=== PROBLEM TO WORK ON ===
Repeat the listing below in full and exactly. Pictures are to be omitted.

=== INPUT DATA ===
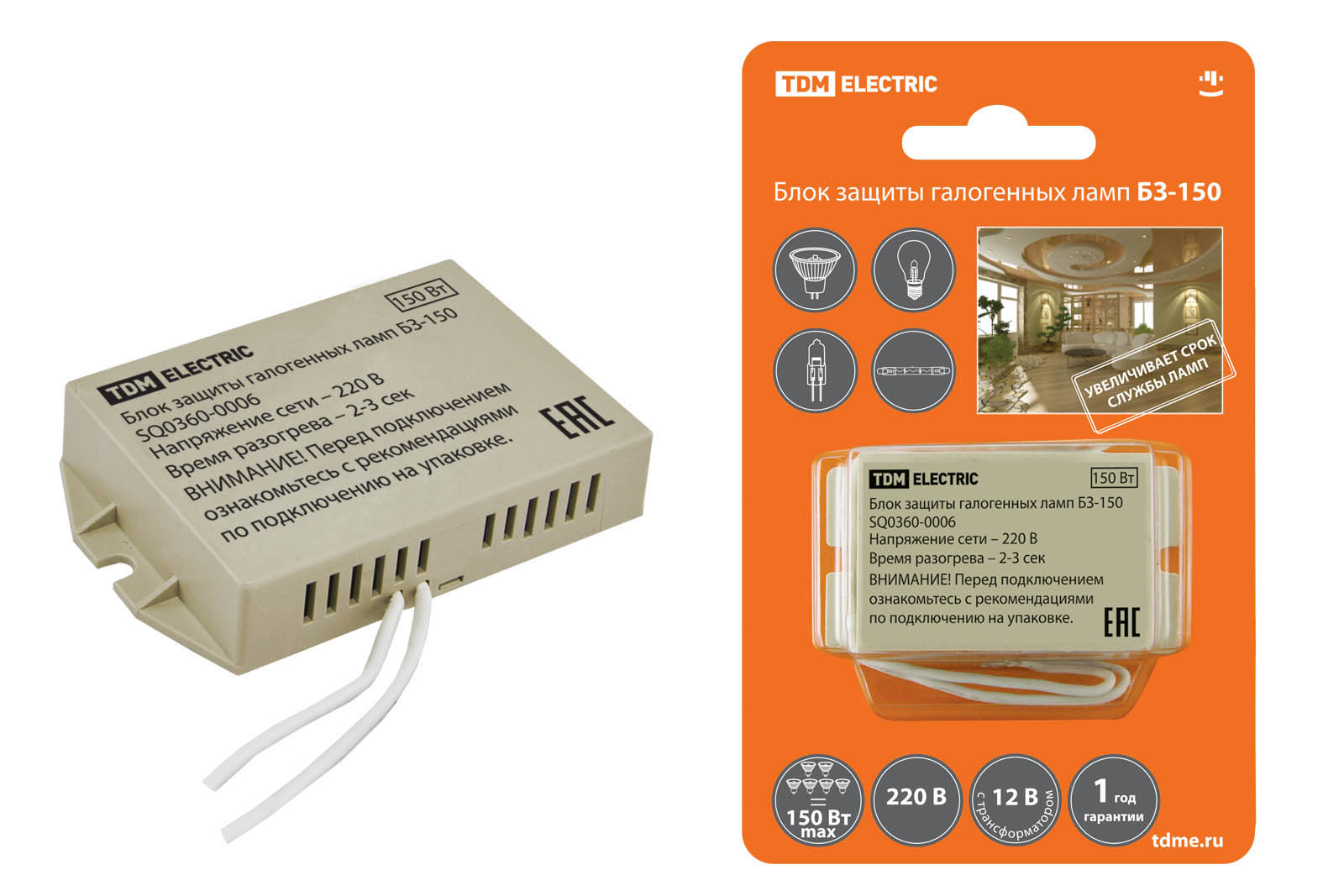 Вы можете купить Блок защиты галогенных ламп 25-150 Вт БЗ-150 TDM в интернет-магазине «РКМ Электро» по цене 30 руб.. На странице имеется подробная информация о товаре:
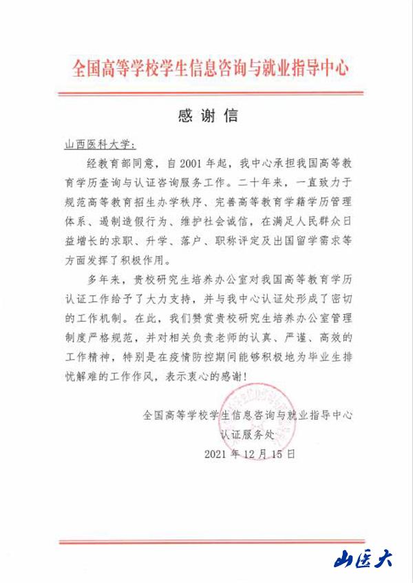 日前,我校研究生学院收到来自全国高等学校学生信息咨询与就业指导中心的感谢函。信函对研究生学院在高等教育学历认证工作中给予的支持表示衷心感谢。
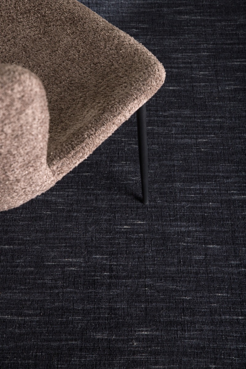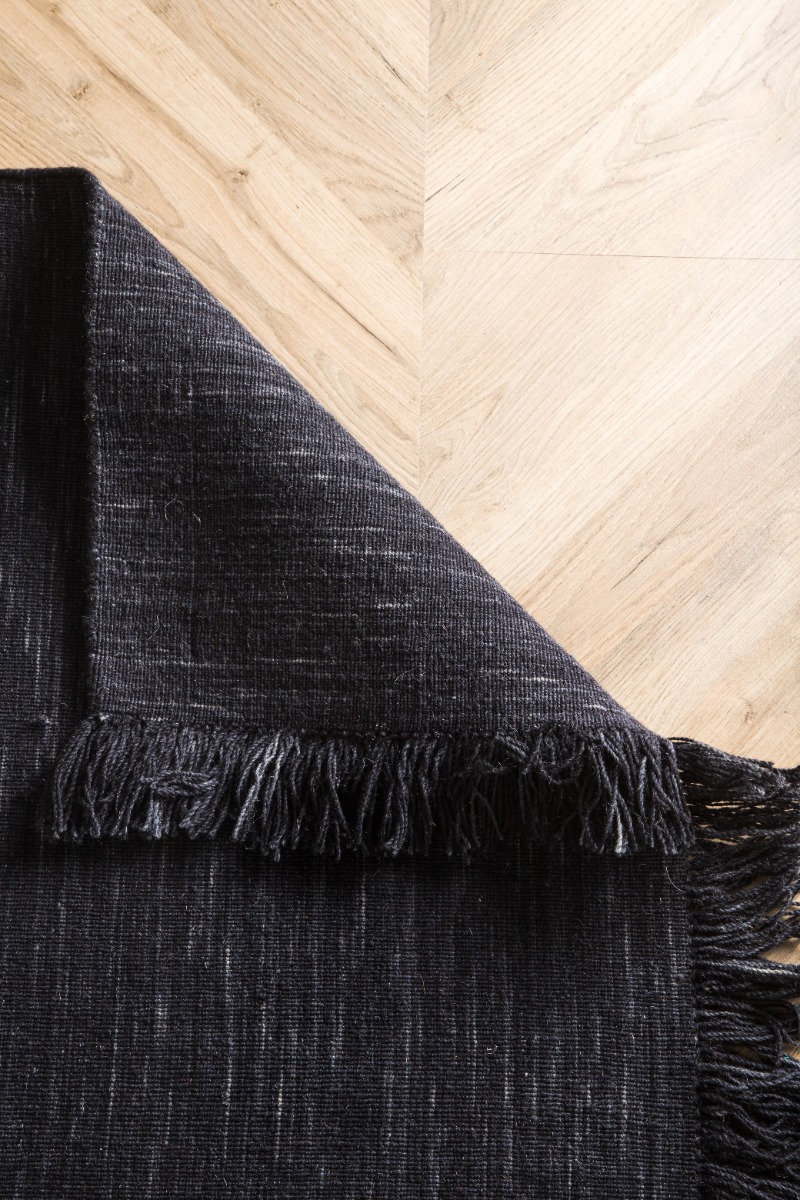 Svart ullmatta Mosso ger mjuk komfort och elegant design. Tillverkad i 100% ull med naturlig hållbarhet och värme för ditt hem.
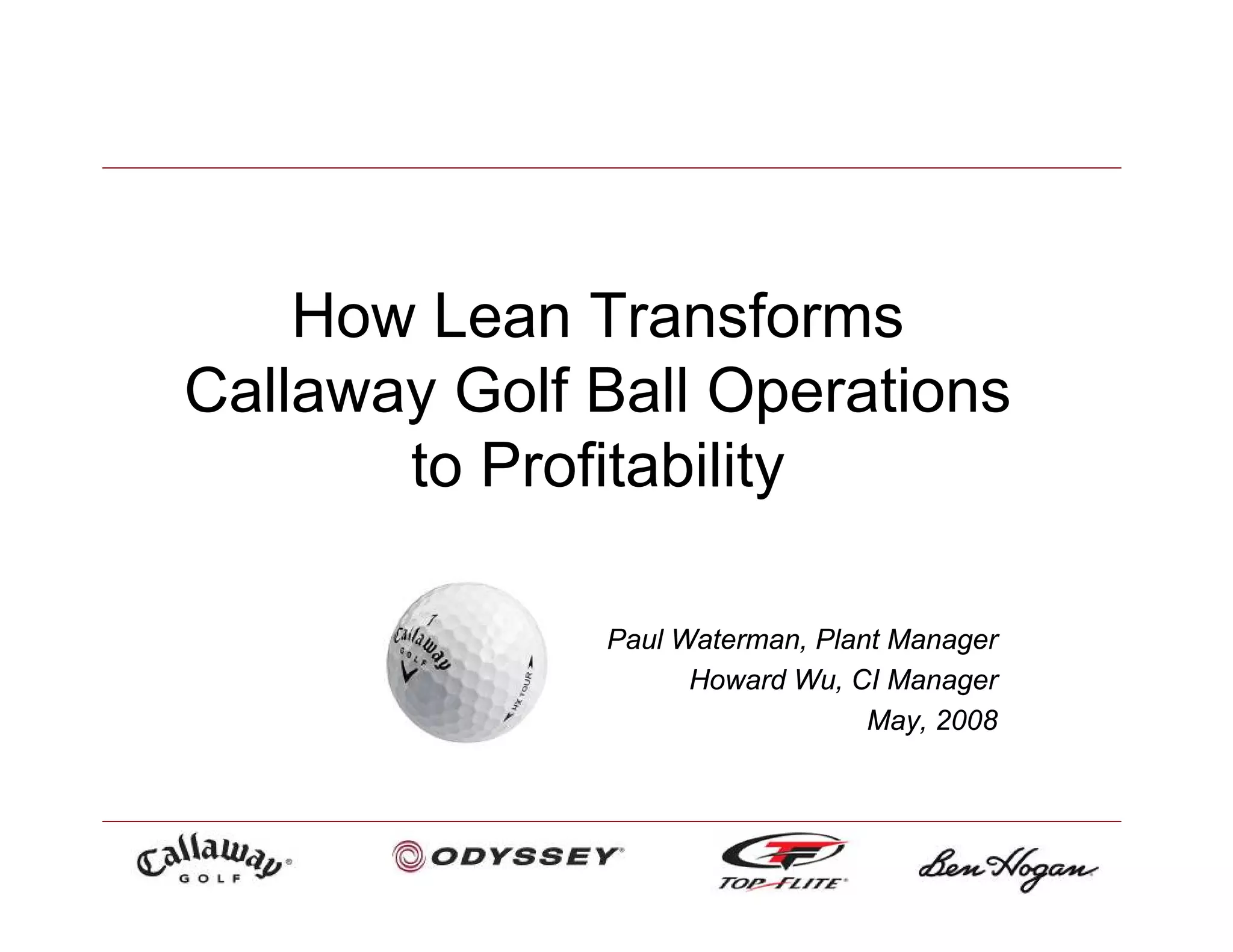 The document summarizes the transformation of Callaway Golf Ball Operations in Chicopee, MA to a lean manufacturing system. Key results of implementing lean included reducing inventory, lead times, costs, and defects while improving on-time delivery, productivity, employee engagement, and profitability. The transformation took place over several years using tools like value stream mapping, visual pull systems, standardized work, 5S, and training employees in lean concepts and problem solving.

=== RESPONSE TO THIS TASK ===
 Вы можете купить Блок защиты галогенных ламп 25-150 Вт БЗ-150 TDM в интернет-магазине «РКМ Электро» по цене 30 руб.. На странице имеется подробная информация о товаре:
 日前,我校研究生学院收到来自全国高等学校学生信息咨询与就业指导中心的感谢函。信函对研究生学院在高等教育学历认证工作中给予的支持表示衷心感谢。
 Svart ullmatta Mosso ger mjuk komfort och elegant design. Tillverkad i 100% ull med naturlig hållbarhet och värme för ditt hem.
 The document summarizes the transformation of Callaway Golf Ball Operations in Chicopee, MA to a lean manufacturing system. Key results of implementing lean included reducing inventory, lead times, costs, and defects while improving on-time delivery, productivity, employee engagement, and profitability. The transformation took place over several years using tools like value stream mapping, visual pull systems, standardized work, 5S, and training employees in lean concepts and problem solving.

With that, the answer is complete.